### Task brief
For every record below, repeat the text exactly and pass over any image.

# # #

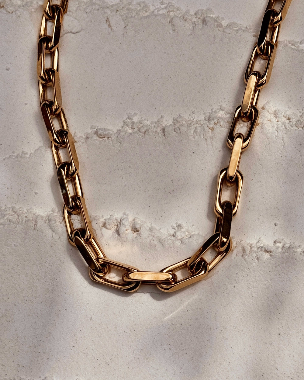 Crafted with large, rectangular links and a polished finish, this necklace is designed to command attention with its modern aesthetic. Its substantial design effortlessly elevates any attire, offering a touch of sophistication whether worn casually or formally.
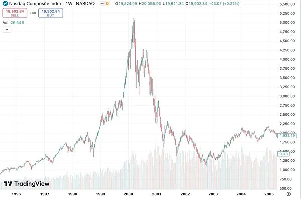 以及,回看當年波起云涌,也被眾多媒體詬病“泡沫”的互聯網行業。今天,納斯達克指數突破了20000點大關。回過頭看,2000年的它,當時看似山峰,現在,不過是一個小山包罷了。就算在2000年躬身入局互聯網行業,堅持到今天,依然幾乎是最正確的選擇。
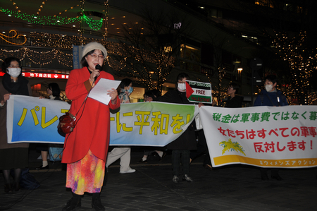 臨時国会閉会翌日の12月14日夕、東京・有楽町のイトシア前で総がかり行動実行委員会性差別撤廃プロジェクトが行った「パレスチナに平和を!ストップジェノサイドウィメンズアクション」では、共産党の伊藤岳、社民党の福島瑞穂の両参院議員、日本婦人団体連合会、全労連女性部などの各代表、市民が自民党と、イスラエルを厳しく糾弾した。
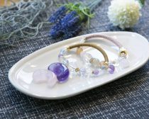 さまざまな天然石から選ぶことができ、水晶などクリアな石を組み合わせることで涼しげな印象になります。
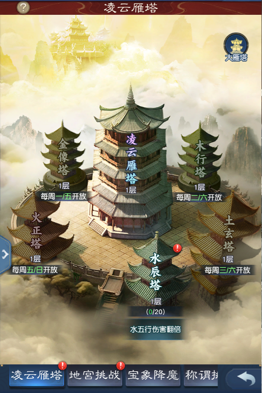 “凌云雁塔”中,凌云五行塔变化更大,全新的爬塔设计为飞升后的少侠们提供了更加强大的修行武器!
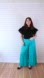 These wide leg pants are made of 2 parts: a sheer overlay, with a solid colored liner. They give the look of a skirt when standing still, and have amazing movement. Full elastic waistband. No pockets.
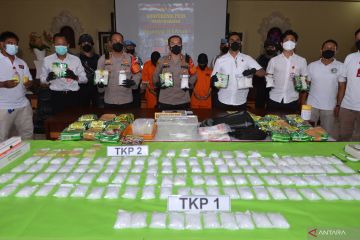 Polisi menunjukkan barang bukti narkotika jenis sabu saat konferensi pers di Polresta Denpasar, Bali, Selasa (22/2/2022). Satuan Reserse Narkoba Polresta Denpasar mengungkap kasus peredaran narkoba jaringan nasional dengan barang bukti 18,3 kilogram sabu dan 984 butir ekstasi yang diduga akan diedarkan tersangka berinisial AR dan MA di wilayah Bali dan sekitarnya. ANTARA FOTO/Fikri Yusuf/foc.
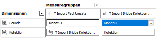 Das gleiche Vorgehen kann auch angewendet werden, wenn eine m:n-Beziehung zur Zeitdimension vorliegt. Hier wird das Beispiel von Mode-Kollektionen genutzt. Eine Kollektion wird mehrere Monate im Jahr verkauft. Kollektionen können sich auch überlappen, das heißt in einem Monat können mehrere Kollektionen angeboten werden.
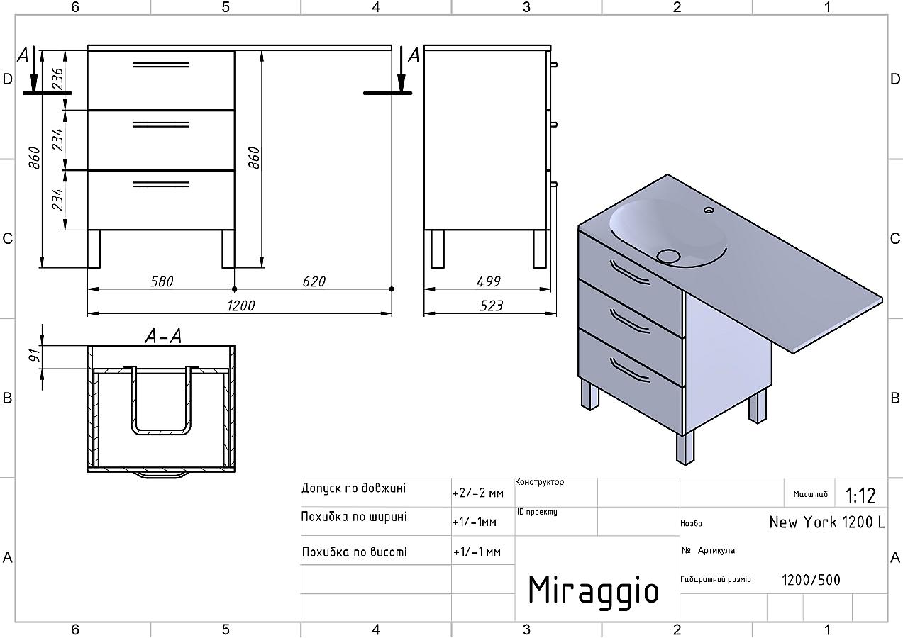 Документація Тумба підлогова TESSA Камінь сірий з умивальником NEW YORK 1200 L
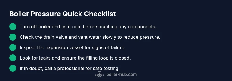 Approach to diagnosing high pressure should be systematic. Start by verifying that the boiler is off and has cooled. Then check the gauge reading at rest. If the gauge remains high, inspect the filling loop to ensure it is fully closed. Next, listen for any rapid whistling or hissing from the expansion vessel area, which may indicate a failed diaphragm. Check for signs of dampness around the boiler, radiators, and joints, which could indicate a leak. If you identify a leak, isolate and repair or call a professional, because even small leaks can drive pressure changes. Check if the pressure relief valve is leaking by wiping the valve and looking for drips near the discharge pipe; a faulty valve typically needs replacement. Finally, if you can't locate the cause or the pressure remains high after venting, schedule a professional service. This approach aligns with Boiler Hub recommendations on safe, prioritized troubleshooting.
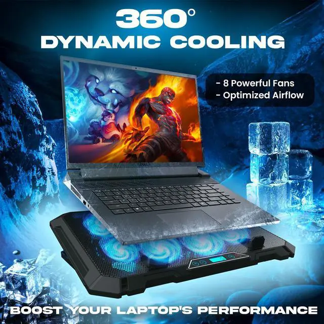 8 FANS FOR SUPERIOR COOLING: This laptop cooling stand features 8 powerful fans that can dissipate heat quickly and efficiently, keeping your laptop running cool even under heavy load.
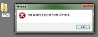 CON, PRN, AUX, CLOCK$, NUL, COM1, COM2, COM3, COM4, COM5, COM6, COM7, COM8, COM9, LPT1, LPT2, LPT3, LPT4, LPT5, LPT6, LPT7, LPT8, and LPT9.

# # #

### Answer to the problem
 Crafted with large, rectangular links and a polished finish, this necklace is designed to command attention with its modern aesthetic. Its substantial design effortlessly elevates any attire, offering a touch of sophistication whether worn casually or formally.
 以及,回看當年波起云涌,也被眾多媒體詬病“泡沫”的互聯網行業。今天,納斯達克指數突破了20000點大關。回過頭看,2000年的它,當時看似山峰,現在,不過是一個小山包罷了。就算在2000年躬身入局互聯網行業,堅持到今天,依然幾乎是最正確的選擇。
 臨時国会閉会翌日の12月14日夕、東京・有楽町のイトシア前で総がかり行動実行委員会性差別撤廃プロジェクトが行った「パレスチナに平和を!ストップジェノサイドウィメンズアクション」では、共産党の伊藤岳、社民党の福島瑞穂の両参院議員、日本婦人団体連合会、全労連女性部などの各代表、市民が自民党と、イスラエルを厳しく糾弾した。
 さまざまな天然石から選ぶことができ、水晶などクリアな石を組み合わせることで涼しげな印象になります。
 “凌云雁塔”中,凌云五行塔变化更大,全新的爬塔设计为飞升后的少侠们提供了更加强大的修行武器!
 These wide leg pants are made of 2 parts: a sheer overlay, with a solid colored liner. They give the look of a skirt when standing still, and have amazing movement. Full elastic waistband. No pockets.
 Polisi menunjukkan barang bukti narkotika jenis sabu saat konferensi pers di Polresta Denpasar, Bali, Selasa (22/2/2022). Satuan Reserse Narkoba Polresta Denpasar mengungkap kasus peredaran narkoba jaringan nasional dengan barang bukti 18,3 kilogram sabu dan 984 butir ekstasi yang diduga akan diedarkan tersangka berinisial AR dan MA di wilayah Bali dan sekitarnya. ANTARA FOTO/Fikri Yusuf/foc.
 Das gleiche Vorgehen kann auch angewendet werden, wenn eine m:n-Beziehung zur Zeitdimension vorliegt. Hier wird das Beispiel von Mode-Kollektionen genutzt. Eine Kollektion wird mehrere Monate im Jahr verkauft. Kollektionen können sich auch überlappen, das heißt in einem Monat können mehrere Kollektionen angeboten werden.
 Документація Тумба підлогова TESSA Камінь сірий з умивальником NEW YORK 1200 L
 Approach to diagnosing high pressure should be systematic. Start by verifying that the boiler is off and has cooled. Then check the gauge reading at rest. If the gauge remains high, inspect the filling loop to ensure it is fully closed. Next, listen for any rapid whistling or hissing from the expansion vessel area, which may indicate a failed diaphragm. Check for signs of dampness around the boiler, radiators, and joints, which could indicate a leak. If you identify a leak, isolate and repair or call a professional, because even small leaks can drive pressure changes. Check if the pressure relief valve is leaking by wiping the valve and looking for drips near the discharge pipe; a faulty valve typically needs replacement. Finally, if you can't locate the cause or the pressure remains high after venting, schedule a professional service. This approach aligns with Boiler Hub recommendations on safe, prioritized troubleshooting.
 8 FANS FOR SUPERIOR COOLING: This laptop cooling stand features 8 powerful fans that can dissipate heat quickly and efficiently, keeping your laptop running cool even under heavy load.
 CON, PRN, AUX, CLOCK$, NUL, COM1, COM2, COM3, COM4, COM5, COM6, COM7, COM8, COM9, LPT1, LPT2, LPT3, LPT4, LPT5, LPT6, LPT7, LPT8, and LPT9.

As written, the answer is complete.